The Art of Innovation – Part 2: Company Mindset

In The Art of Innovation, IDEO’s founder Tom Kelley writes his lessons in creativity from years of success through innovation. In this three-part series, I will take you through key takeaways from the book. This second part is about how IDEO helps companies to adapt their mindset to become more innovative.

Step 1 – Know the Future

Innovation happens by looking at what isn’t there —Jake Burton

Know the soon to be state of the art. Each industry has places where you make connections and hear about the latest products. No one gets ahead copying products that are already established.

Asking child-like questions of “Why?” and “Why not?” helps to prevent assumptions interfering when evaluating an opportunity. Learn from the people who break the rules, perhaps adapting an existing product to a new use-case. Watch people struggle with existing products in new environments.

Step 2 – Hire Great People

Pro-actively hire the intellectually curious. If you hire the right people, everything else will take care of itself.

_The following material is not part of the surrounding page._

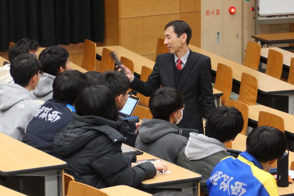 国際理学科の代表生徒は、2月に行われるSSH成果発表会で英語によるプレゼンテーション発表があります。近隣のALTを招き、英語による質疑応答も行われ、「生きた英語力」を発揮することができます。また、コロナ禍を経て発展したweb会議システム等を活用して、海外の高校生との合同研究発表会を行います。

People perform when they feel special and sometimes the best inspiration is not doing work. Everyone has a creative side but it requires training like any skill. The person who tails endlessly at his desk is unlikely to be the one hatching a great innovation.

When you are stuck on a tough decision or have a problem that you do not understand, talk to all the smart people who you know.

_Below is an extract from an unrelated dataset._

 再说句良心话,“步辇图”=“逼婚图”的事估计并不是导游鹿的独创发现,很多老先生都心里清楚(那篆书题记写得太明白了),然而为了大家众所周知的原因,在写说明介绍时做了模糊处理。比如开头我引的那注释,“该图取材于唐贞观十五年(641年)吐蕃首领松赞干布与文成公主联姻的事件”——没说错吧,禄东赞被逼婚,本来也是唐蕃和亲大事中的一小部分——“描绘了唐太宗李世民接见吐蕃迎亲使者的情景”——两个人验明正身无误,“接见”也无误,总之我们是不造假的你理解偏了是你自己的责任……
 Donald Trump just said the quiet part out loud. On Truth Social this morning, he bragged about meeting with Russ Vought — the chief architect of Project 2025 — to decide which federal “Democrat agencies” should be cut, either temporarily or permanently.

Step 3 – Office Environment

The best offices celebrate teamwork and a high people density makes the office pulse. Make desks movable and group project members together so that space is just for teamwork and not owned by a person or group.

Provide good food and encourage play to have constant off-site energy. There should be no need for a physical off-site because creativity should flow in the office. The workspace should communicate positivity to both employees and visitors.

Step 4 – Dropping Internal Barriers

The biggest barrier to innovation is company mindset. Senior managers must encourage employees to break rules and fail forward so that change is part of the culture.

Success has a tendency to cripple future product development. Sticking with an existing product range is safer but loses in the long run. Instead, build products fast and leapfrog other companies in the market.